Дело в том, что Олег. Петрович решил спекульнуть автомашиной и получить за нее на целую тысячу рублей больше ее стоимости. Покупатели нашлись, потому что машина была совершенно новая и, к счастью, нигде не побитая и даже не поцарапанная, мотор тоже, хоть и плохо обкатанный, работал прилично. Но что это были за покупатели, никто не знал. Воркуев, конечно, очень рисковал. Единственным его оправданием были те два года, на протяжении которых он потратил столько нервов, что ни за какую тысячу их не вернешь. Так он подбадривал себя с вечера, повторяя, что его здоровье стоит гораздо дороже. Но утром было не до шуток: его ждали в условленном месте деловитые и мрачные покупатели, с которыми он познакомился на толкучке.
День подходил к концу, а отец не звонил.
«Вот еще не хватало печали! – говорила Верочка Воркуева, когда к очередному звонку подзывали опять не ее. – Посадят еще за спекуляцию! Ну, папочка! Хоть бы догадался позвонить откуда-нибудь».
Ей все сочувствовали в редакции, один только Шубин говорил что-то о передачах, о свежем лесном воздухе, о регулярном питании.
Но, к счастью для Верочки, все обошлось благополучно, и когда позвонил отец, она отругала его, чуть ли не впадая в истерику, а когда бросила трубку, счастливо рассмеялась и воскликнула: «Господи! Унес у меня год жизни! Разве стоит этот год проклятой тысячи?!»
А Шубин, не отрываясь от рукописи, сказал:
«Разумеется. Эта тысяча обернется лишней комнатой для тебя. Я правильно понимаю? А лишняя комната сэкономит три года жизни. Три минус один – получается два года жизни. Чистый выигрыш. Как тебе моя арифметика? А теперь иди к черту, не мешай работать: весь день только и беспокоился о твоей афере. Дети не отвечают, конечно, за своих родителей, я это знаю, и твоя радость, конечно, понятна – отец ускользнул от карающего меча, но я и трети своей работы не сделал сегодня… Это ты меня втянула в сообщники, ты!»
«Шубин! Ну почему я никогда не обижаюсь на тебя? – спрашивала счастливая Верочка Воркуева. – Почему? Скажи… Ты, наверное, все-таки очень хороший мужичок!»
Мрачная заведующая, увидев Воркуеву, спросила: «Звонил? Все в порядке? Ну то-то! А что я тебе говорила? Тоже мне бизнесмены!»

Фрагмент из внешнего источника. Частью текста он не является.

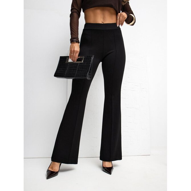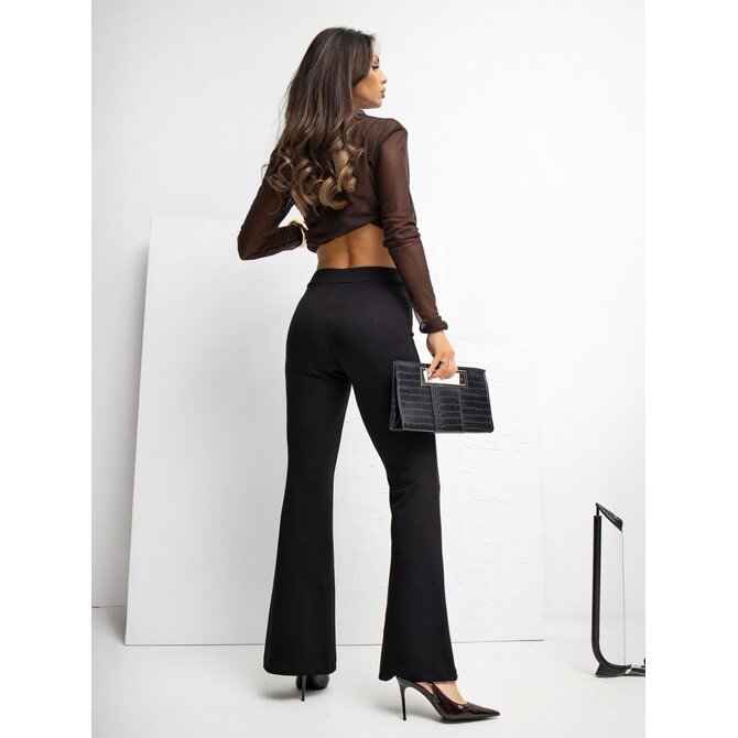 Černé rozšířené kalhoty teplákového typu bez zapínání, s vysokým pasem a

Она даже отпустила в этот день Верочку Воркуеву пораньше домой, понимая, что та уже не сможет сегодня работать.
Это было 17 апреля. А 20-го случилось несчастье – тяжело заболел Олежка.

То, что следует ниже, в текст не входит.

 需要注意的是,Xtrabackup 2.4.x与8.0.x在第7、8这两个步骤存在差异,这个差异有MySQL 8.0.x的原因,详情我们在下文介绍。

Ничего не предвещало беды, но после вечернего чая Олежка погрустнел и задумался, с недетским каким-то вниманием поглядывая на взрослых, не отвечая на их вопросы. Веки его заблестели, а глаза потухли. Он раньше времени попросился в кровать, которая тогда стояла в проходной комнате у бабушки с дедушкой, и уже в постели, когда Верочка с беспокойством поглядывала на градусник, не веря в ту катастрофически высокую температуру, которую он показывал, Олежка грустно и задумчиво посмотрел на мать и на бабушку, вздохнул и очень серьезно сказал, поразив и испугав всех этой недетской серьезностью:
– Мама, у меня очень болит голова. Очень болит!
Никто не нашелся, что ему ответить на это, словно бы вовсе не Олежка это сказал, а умудренный жизненным опытом, умный и мужественный человек, увидевший вдруг бездну, развернувшуюся у него под ногами, и беспокоящийся не о себе, а о тех, кто был рядом с ним, предупреждающий именно их об опасности, которую он уже почувствовал.
Температура была очень высокой! Верочка укутала сына, дав ему аспирин, и Олежка вскоре забылся во сне.
Все ходили на цыпочках в этот вечер, с надеждой щупали лобик спящего. Но не надо было близко подносить руку, чтобы понять бесполезность аспирина: над кроватью Олежки словно бы светился в полутьме комнаты влажный и обжигающий душу жар.
Воркуев хотел вызвать «неотложку», волнуясь больше других за внука, но все решили, что надо подождать до утра, и в этой непроходящей тревоге улеглись спать, оставив в комнате гореть ночник.
Никогда в жизни, даже в самые жуткие минуты войны, Олег Петрович Воркуев не кричал так, как он закричал, в эту ночь, увидев судорожно бьющегося в каком-то страшном припадке, умирающего, как ему показалось, внука.
Животный этот крик обезумевшего от страха человека, способного только проговаривать одно имя внука, продолжая вскрикивать и безумствовать в отчаянии, вызвал тут же и другие крики, другой ужас… Закричала ничего не понимающая спросонья Анастасия Сергеевна, рыдающим ором откликнулся вскочивший с кровати Тюхтин… Одна лишь Верочка с криком: «Что?! Господи? Что?! „Неотложку“ немедленно!» – сохранила самообладание.
Но она тоже, как и все, не знала, что делать. Она схватила дергающегося, землисто-бледного, синегубого, с закатившимися глазами сына и своей силой пыталась унять, осилить безумную силу корчей, в которых захлебывался, задыхался – умирал ее сын.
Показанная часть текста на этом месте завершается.